The 5 Republicans who voted to condemn Trump's transgender military ban

A handful of GOP lawmakers on Thursday crossed the aisle to vote with Democrats in rejecting the Trump administration's transgender military ban.

The House passed a nonbinding resolution formally condemning the ban in a 238-185 vote.


The administration recently said members of the military will be required to serve as the gender they were assigned at birth starting next month, a move that essentially rolls back the Obama administration’s policy from June 2016.

Here are the five Republicans who bucked party leadership and voted for the resolution:

Rep. Brian FitzpatrickBrian K. FitzpatrickGrowing number of GOP lawmakers say they support impeachment GOP lawmakers introduce resolution to censure Trump over Capitol riot Kinzinger says he'll vote to impeach Trump MORE (Pa.)

Rep. Trey HollingsworthJoseph (Trey) Albert HollingsworthHillicon Valley: Twitter flags Trump campaign tweet of Biden clip as manipulated media | Democrats demand in-person election security briefings resume | Proposed rules to protect power grid raise concerns Lawmakers call for bipartisan push to support scientific research The Hill's 12:30 Report: Presidential race tightens in key states MORE (Ind.)

Rep. Will HurdWilliam Ballard HurdHouse poised to override Trump veto for first time Lawmakers call for including creation of Latino, women's history museums in year-end spending deal House Republicans who didn't sign onto the Texas lawsuit MORE (Texas)

Rep. John KatkoJohn Michael KatkoNY Republican says cybersecurity will be a high priority for Homeland Security panel Upton becomes first member of Congress to vote to impeach two presidents The Hill's Morning Report - Trump impeached again; now what? MORE (N.Y.)

Rep. Tom ReedTom ReedThe Hill's 12:30 Report: House moves toward second impeachment LIVE COVERAGE: House votes to impeach Trump after Capitol insurrection GOP lawmakers introduce resolution to censure Trump over Capitol riot MORE (N.Y.)

The resolution — introduced by Rep. Joe KennedyJoseph (Joe) Patrick KennedyFive centrist Democrats oppose Pelosi for Speaker in tight vote LIVE COVERAGE: House votes to name Speaker Government spending bill to include bipartisan energy provisions MORE III (D-Mass.) and co-sponsored by Katko — says the House strongly opposes the "discriminatory ban on transgender members of the Armed Forces; rejects the flawed scientific and medical claims upon which it is based; and strongly urges the Department of Defense to not reinstate President TrumpDonald TrumpCIA chief threatened to resign over push to install Trump loyalist as deputy: report Azar in departure letter says Capitol riot threatens to 'tarnish' administration's accomplishments Justice Dept. argues Trump should get immunity from rape accuser's lawsuit MORE’s ban on trans­gen­der members of the Armed Forces and to maintain an inclusive policy allowing qualified transgender Americans to enlist and serve in the Armed Forces." 

Katko said he believes those who are willing and able to serve their country should be allowed to do so.

"I just think if someone is able-bodied and able to serve in the military, that's good enough for me.

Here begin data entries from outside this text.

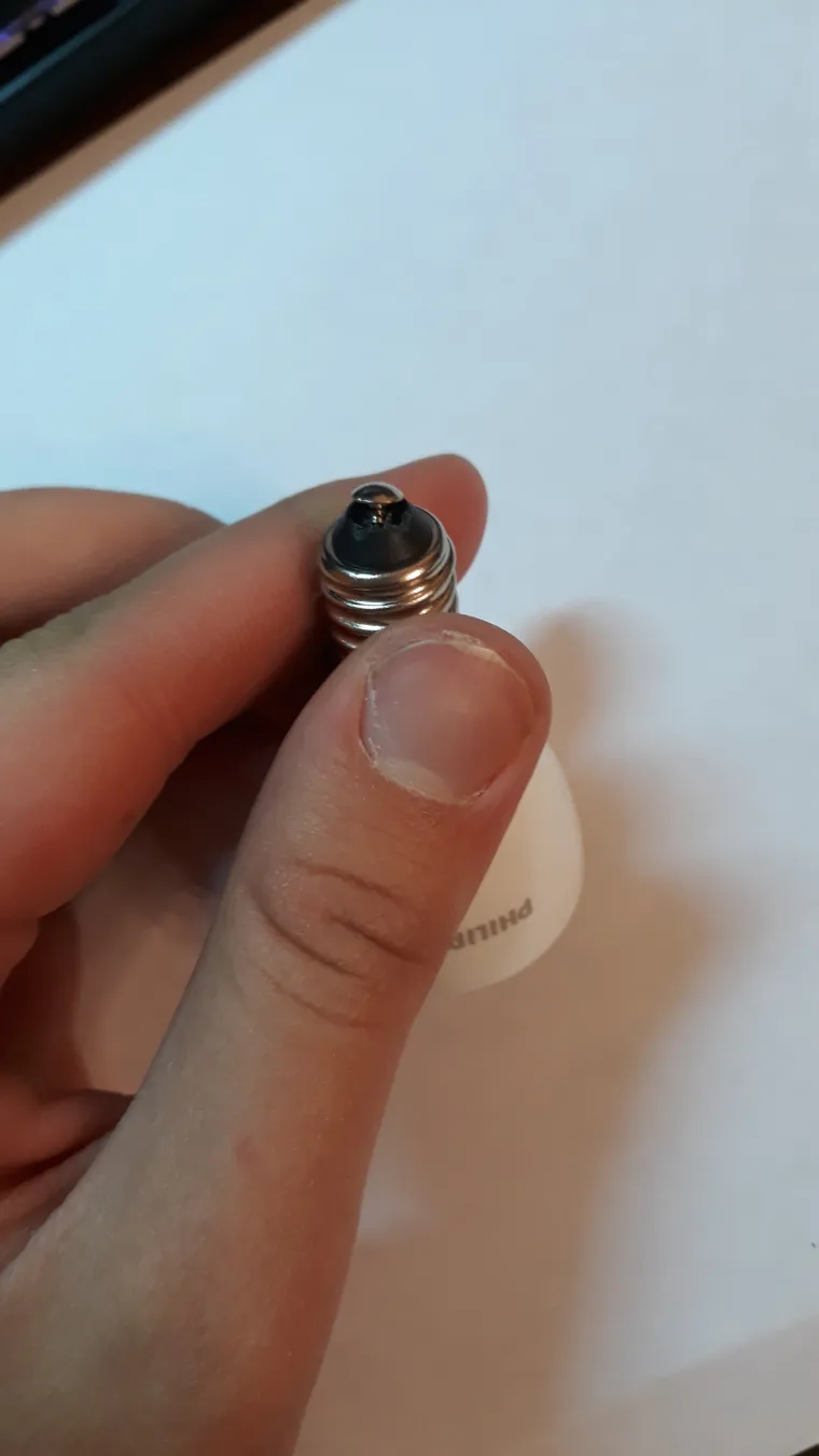 Вот так неаккуратно я снял его, у philips основновательно он был впрессован в корпус, впрочем все равно лампу уже в помойку. Чтобы проверить теорию о плохом контакте, подключим освободившиеся от цоколя два проводника к 220v.
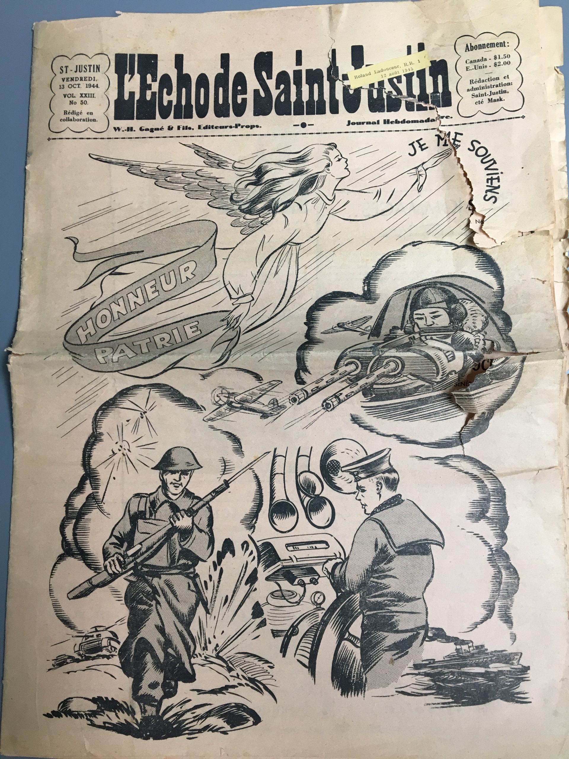 Propriété de W.-H. Gagné et fils, cet hebdomadaire, auquel étaient très attachés Béatrice et Roland Ladouceur, était le numéro 50 du volume 23. Cette édition spéciale de 16 pages visait à rendre hommage aux soldats, marins et aviateurs qui ont participé à la Seconde Guerre mondiale. Ce conflit armé s’est déroulé pendant six ans, soit du 1er septembre 1939 au 2 septembre 1945.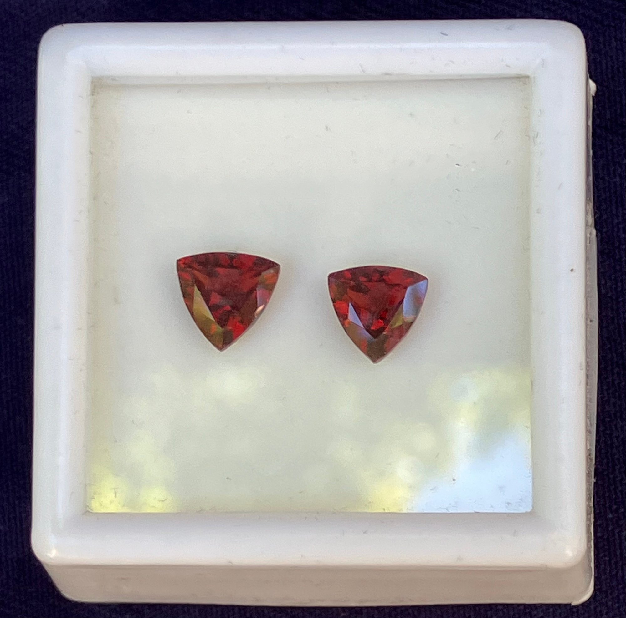 Two Tanga Garnet Trillion Cut Matched Pair 2.6 CTW. Average size is: 7 x 7 mm.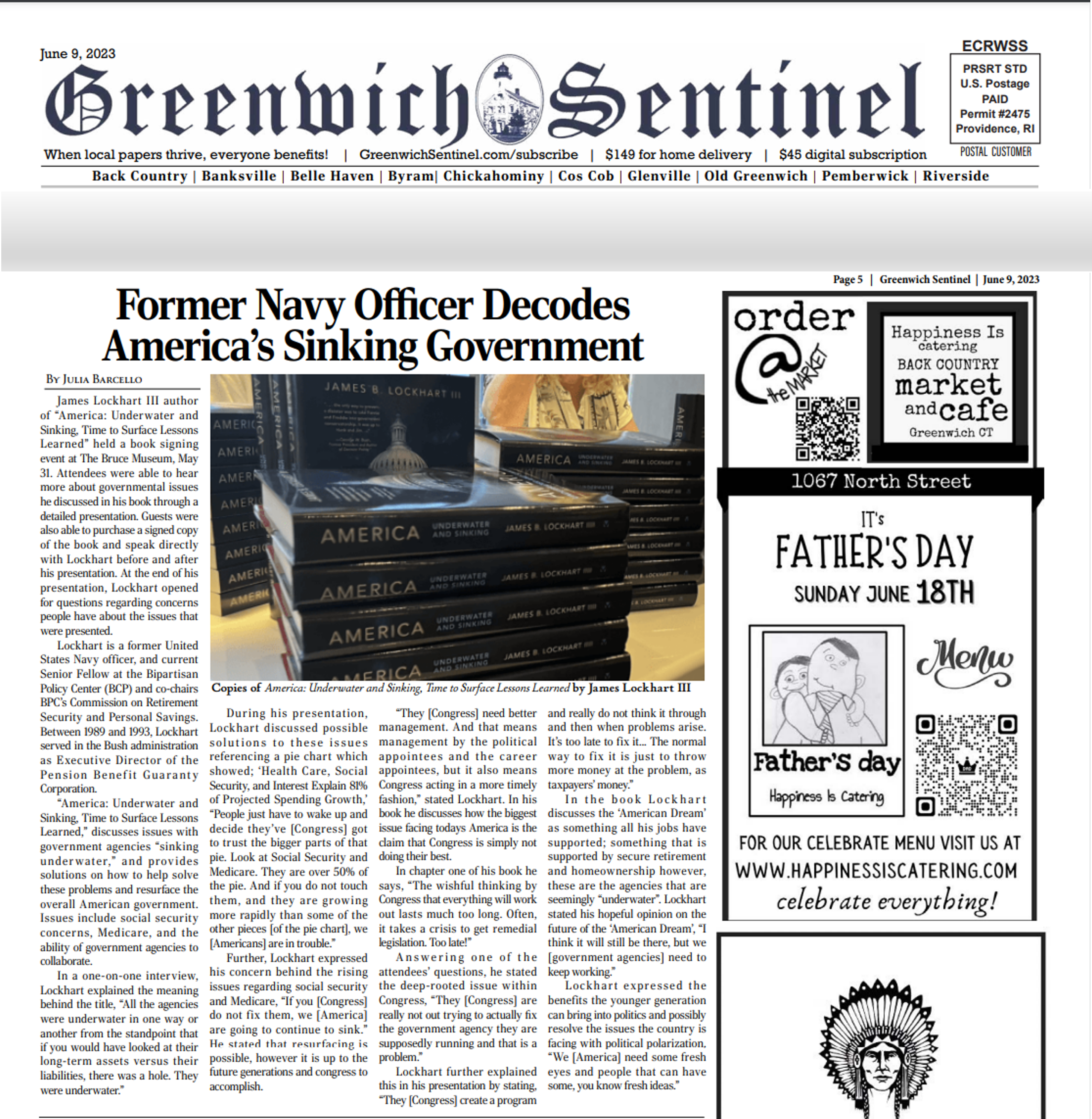 Greenwich Sentinel: Former Navy Officer Decodes America’s Sinking Government by Grace Djuranovic | Jun 9, 2023 | Articles | 0 comments Link: Greenwich Sentinel – June 9, 2023 Issue Submit a Comment Cancel replyYour email address will not be published. Required fields are marked *Comment * Name * Email * Website Save my name, email, and website in this browser for the next time I comment.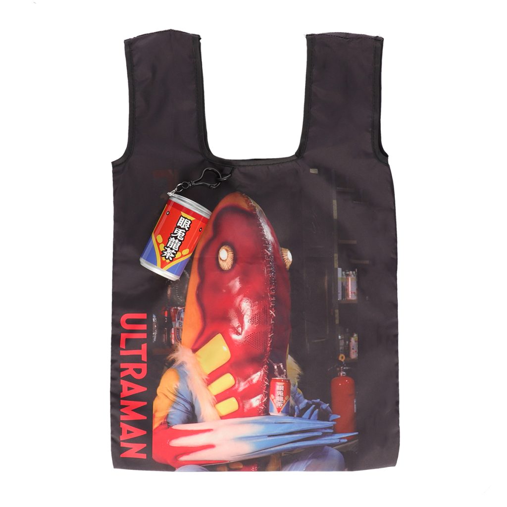 『ウルトラマンマックス』第24話「狙われない街」に登場した「メトロン星人」が取り出した眼兎龍茶イメージした缶の中に、ストローを使って「グゥー!」っと眼兎龍茶を飲むメトロン星人のエコバッグが入っています。

And I think that enough in the military community have said, 'You know, able-bodied transgender people can serve,' " he told The Hill following Thursday's vote.

Hollingsworth, who has previously voted against having the military pay for transition procedures, explained his vote in a statement to The Hill.

“The honor of serving our country and protecting American freedoms should be open to anyone who can pass the physical, psychological, and medical exams,” he said.

Supporters of Trump's decision argue it is not a ban on serving since the administration's new policy will allow transgender people to serve in their biological sex.

The measure passed 238-185, with one Republican, Rep. Justin AmashJustin AmashRepublicans eye primaries in impeachment vote Michigan GOP lawmaker says he's 'strongly considering' impeachment Newly sworn in Republican House member after Capitol riot: 'I regret not bringing my gun to D.C.' MORE (Mich.), voting present.